И самое странное, он действительно поверил в этот момент, что нашел единственный на свете источник, способный утолить его жажду. Все, что говорил Гийом, было простым и понятным. Он вспомнил часы, проведенные во время скучных и серых проповедей, когда единственным ярким впечатлением были расписываемые картины ада. С Гийомом все представлялось проще и интереснее.
– Мир вокруг нас – не истинный мир, – говорил Гийом. – Когда вы страдаете, когда ваше тело разрывает боль, когда ваши дети приходят в мир, корчась от боли, когда в один миг судьба может отнять все, созданное за целую жизнь, вы не будете утверждать, что этот мир совершенен и добр!
На глазах Эльке показались слезы. Словно Гийом видел его собственную жизнь и чувствовал, что он чувствовал. Слова проникали в самое нутро и оставались где-то глубоко в сердце. Иногда ему казалось, что он уже не испытанный жизнью старый волк, а молодой мальчишка, открывающий каждое утро глаза с надеждой, что новый день будет лучше предыдущего. Но теперь он твердо знал, что новый день приносит всего лишь новые испытания. Если бы он встретил Гийома раньше, то, может быть, и не цеплялся бы с отчаянием за столь тяжелую и безрадостную жизнь.

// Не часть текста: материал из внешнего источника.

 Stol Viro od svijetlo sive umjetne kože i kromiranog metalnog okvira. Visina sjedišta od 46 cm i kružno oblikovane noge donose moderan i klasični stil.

– Бог не мстителен и не ревнив. Он любит вас, и не его вина в том, что сатана соблазнил некоторых из ангелов и обманом заманил светлые души в тела из грязи. Но Бог не забыл о падших. Он послал им слово и любви и надежды. Ты задавал себе вопрос, почему люди верят?
– Боятся возмездия и ада?
– И они не знают, что они уже в аду. Ад – здесь, на земле!

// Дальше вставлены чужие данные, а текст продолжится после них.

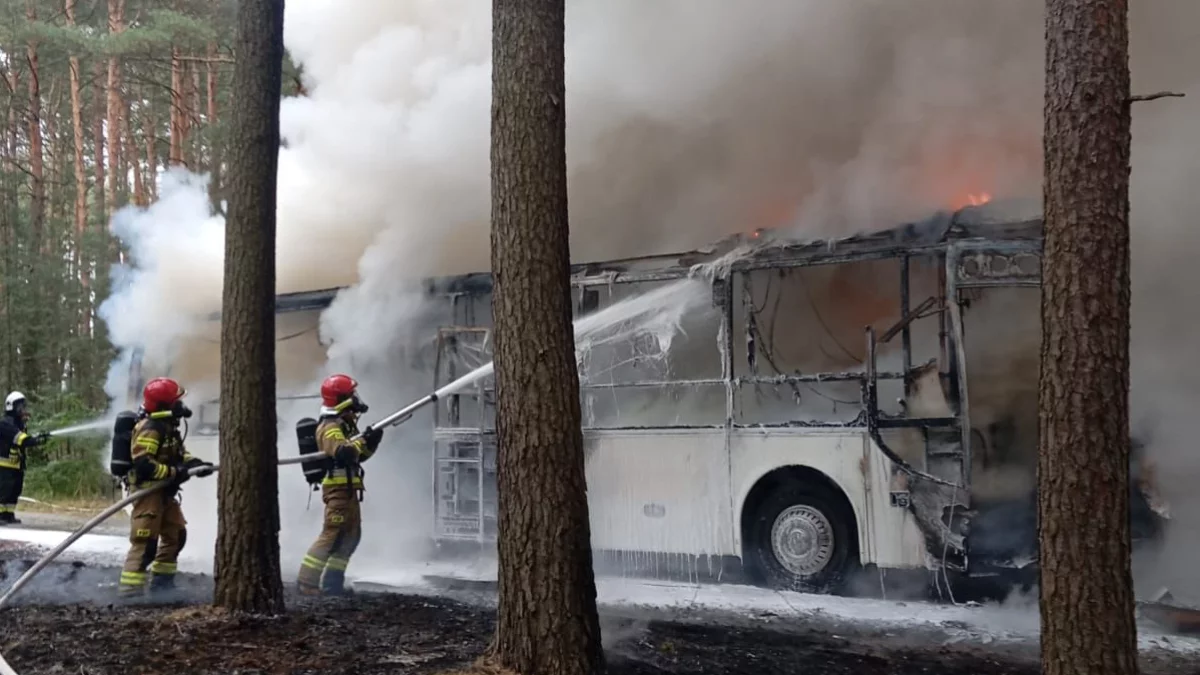 Autokar marki MAN, którym dzieci wraz z opiekunami jechały na wycieczkę do "Zagrody Rodzinnej - Siedlisko Józefówka'', spłonął niemal doszczętnie.

И Клаас верил ему, вспоминая измученную нищетой мать, умершую при очередных, никто уже не помнил, каких по счету, родах, состарившегося раньше времени, сгорбленного отца, хватающегося за любую работу, умиравших один за другим братьев и сестер. В голове всплывали сцены, одна ужаснее другой, и самое главное, пережитое возвращалось тяжелым зловонием заполненных нечистотами улиц, на которых он рос, пробирающими до костей холодом и сыростью, давно урчащим от голода пустым желудком, мучающими маленькое тело ссадинами и рубцами… Клаас поморщился, усилием воли отгоняя непрошеные видения.
– Ты боишься смерти, почему? – неожиданно спросил Гийом.

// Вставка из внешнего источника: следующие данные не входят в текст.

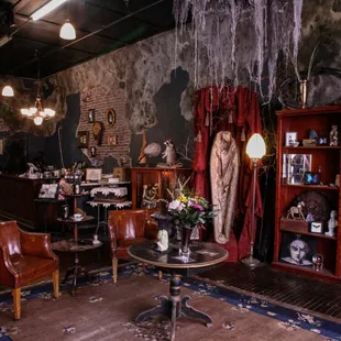 Really interesting place. Especially if coffins, spiders, and doll heads are your thing. Had fun looking at the oddities, ended up going upstairs to check out the antiques. Ended up getting a Paris WWI postcard book. Neat place.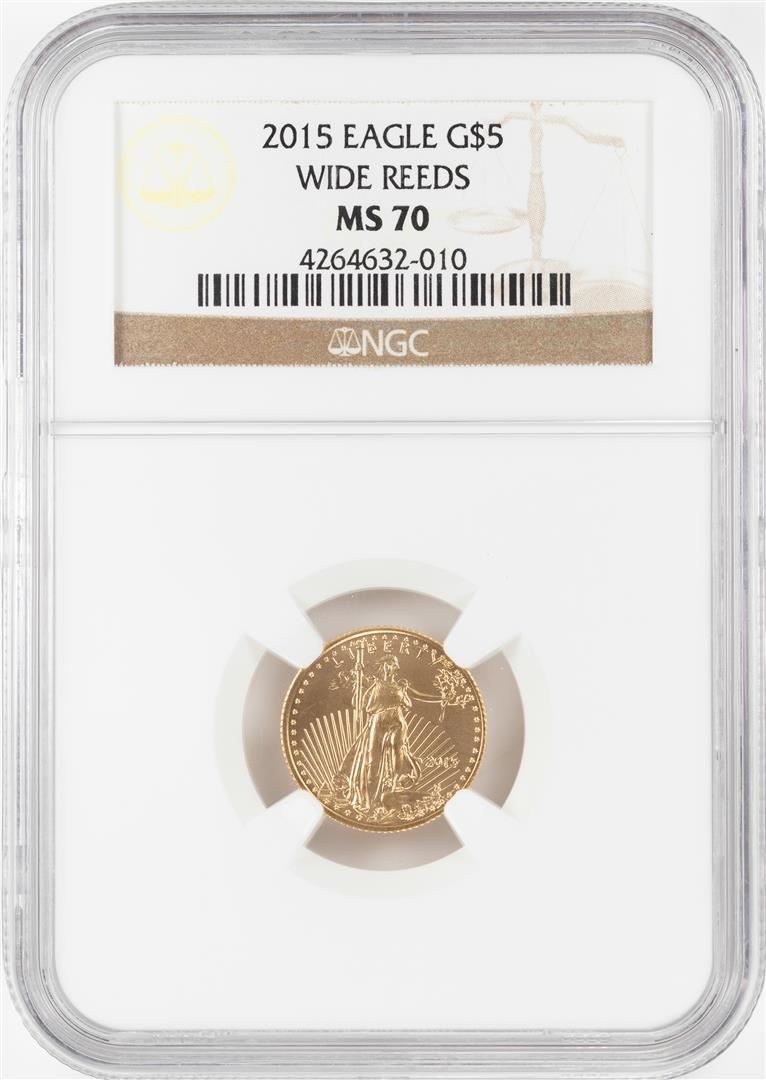 One 2015 Wide Reeds $5 American Gold Eagle Coin NGC MS70. NGC Certified.

– Странный вопрос, – изумился Эльке и впервые подумал: «Почему?»
Гийом терпеливо ждал. Клаас молчал и пытался понять, осмыслить свой страх смерти. Он привык считать, что это нормально. Но что на самом деле удерживало его в жизни? Иногда он думал, что просто-напросто устал бороться. Раньше жить ему было интереснее. Интриги, вино, женщины волновали больше. Но с возрастом он пресытился. Ему стало горько, как в тот момент, когда он впервые услышал известного гасконского трубадура. Тот пел нежную песню о любви, радости встречи, страдании разлуки. Он воспевал красоту любимой, ее нежность, наслаждение просто быть с ней рядом. Тогда Клаас попытался вспомнить, чувствовал ли он когда-либо подобное. Нет, никогда… Всю его жизнь и душу заняла одна страсть: выжить вопреки всему!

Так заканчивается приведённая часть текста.